To improve the digital resolution of under-sampled images, various conventional methods have been proposed. Fang et al. proposed a sparsity-based framework that simultaneously performed interpolation and denoising to reconstruct OCT images efficiently9. Abbasi et al. introduced a non-local weighted sparse representation (NWSR) method, which integrates sparse representations of multiple noisy and denoised patches to improve image quality10. Wang et al. proposed to utilize compressive sensing (CS) and digital filters to enhance the down-sampled OCT angiography images11. The study demonstrated that the vascular structures could be well reconstructed through CS with a sampling rate on B-scans at 70%, suggesting that CS could significantly accelerate acquisition in the OCT system.
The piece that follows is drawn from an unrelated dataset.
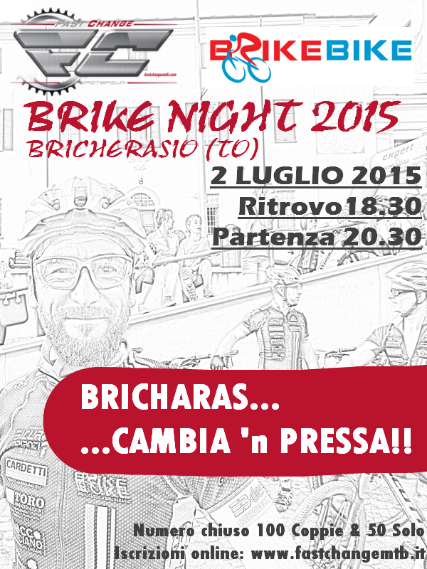 La Società Ciclistica Brike Bike di Bricherasio con il patrocinio dell’Assessorato allo Sport del Comune di Bricherasio organizza per giovedì 2 luglio la quarta edizione della “Brike night”, corsa serale in mountain bike, aperto a 100 coppie o, per i primi 50 iscritti, in solitaria su di un circuito semi-cittadino di 2,5 km, con il mitico passaggio nella pista bmx di Via Bellville. La gara fa parte di un circuito di gare preserali organizzate da Fast Change dove passione, esperienza e competenza da sempre distinguono l’Associazione incontrando altre realtà altrettanto attive e volenterose del nostro meraviglioso territorio nasce il mtb contest camp un vero e proprio "motore" di eventi sportivi con il compito di organizzare gare inconfondibili come il "mitico" Fast Change, espandendolo in altre competizioni legate al mondo della MTB, sia regionali che a livello nazionale. Ritrovo dalle ore 18,30 in Piazza Santa Maria e dopo il briefing delle 20 la partenza fissata alle 20,30 a cui seguirà la premiazione e ristoro finale per gli atleti. Alla gara sono ammessi tutti i tesserati F.C.I. e tutte le categorie esclusi i giovanissimi. Alla gara sono ammessi tutti i tesserati F.C.I. ed Enti della Consulta. Si ricorda che possono partecipare alla notturna anche gli atleti non tesserati che, presentandosi con certificato medico agonistico. Le adesioni si ricevono tramite bonifico bancario sull’IBAN: IT72U0848730751000310100275 della Banca di Cherasco, Agenzia di Pinerolo con causale del versamento: Brike Night 2014 e indicando cognome e nome. Ci si può iscrivere il giorno della gara dalle 18 alle 19,30, e si suggerisce l’uso di una luce anteriore, con tanto buon senso, ed è obbligatorio l’uso del casco. Per iscriversi online utilizzare il sito www.fastchangemtb.it e per maggiori informazioni e su facebook cercare fastchangemtb su o telefonando a Maurizio al numero 333/6465624.

However, the traditional methods tend to perform poorly at high scale factors. Specifically, these methods have difficulty in reconstructing OCT images with high accuracy and may lead to artifacts at high scale factors. Hence, they cannot be applied in some scenarios where low scan density is required.
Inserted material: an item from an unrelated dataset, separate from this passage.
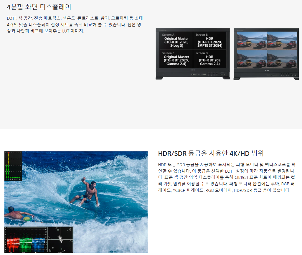 BVM-HX3110 TRIMASTER HX™ 4K 프로페셔널 마스터 모니터로 선명한 디테일과 풍부한 색상을 경험하세요. 매우 어두운 영역부터 밝은 영역까지 놀라운 4K HDR 화질과 IP 연결을 결합하세요. 라이브 프로덕션, 컬러 그레이딩, VFX용으로 완벽한 마스터 모니터를 선택하세요.

In recent years, deep learning methods have been popular among various medical image processing tasks1214. Huang et al. utilized a generative adversarial network (GAN) to super-resolve OCT images while reducing the noise, introducing deep learning into OCT super-resolution for the first time15. Qiu et al. proposed a novel semi-supervised method using UNet and DBPN to achieve simultaneous super-resolution and denoising16. However, these deep-learning-based super-resolution networks ignore the fact that convolutional neural network (CNN) is more sensitive to low-frequency information17, potentially limiting the performance on reconstructing fine-grained structures in OCT images. With the success of transformers in the field of computer vision18, many researchers have successfully applied transformers to OCT super-resolution19. Yao et al. proposed the PSCAT20 composed of window self-attention21 and CBAM22 to achieve denoising and super-resolution simultaneously. Lu et al. presented a pyramid long-range transformer TESR23 to reconstruct under-sampled OCT images. Furthermore, the transformer was integrated with the CNN to leverage their complementary strengths, i.e., global dependency and local dependency, for OCT super-resolution24.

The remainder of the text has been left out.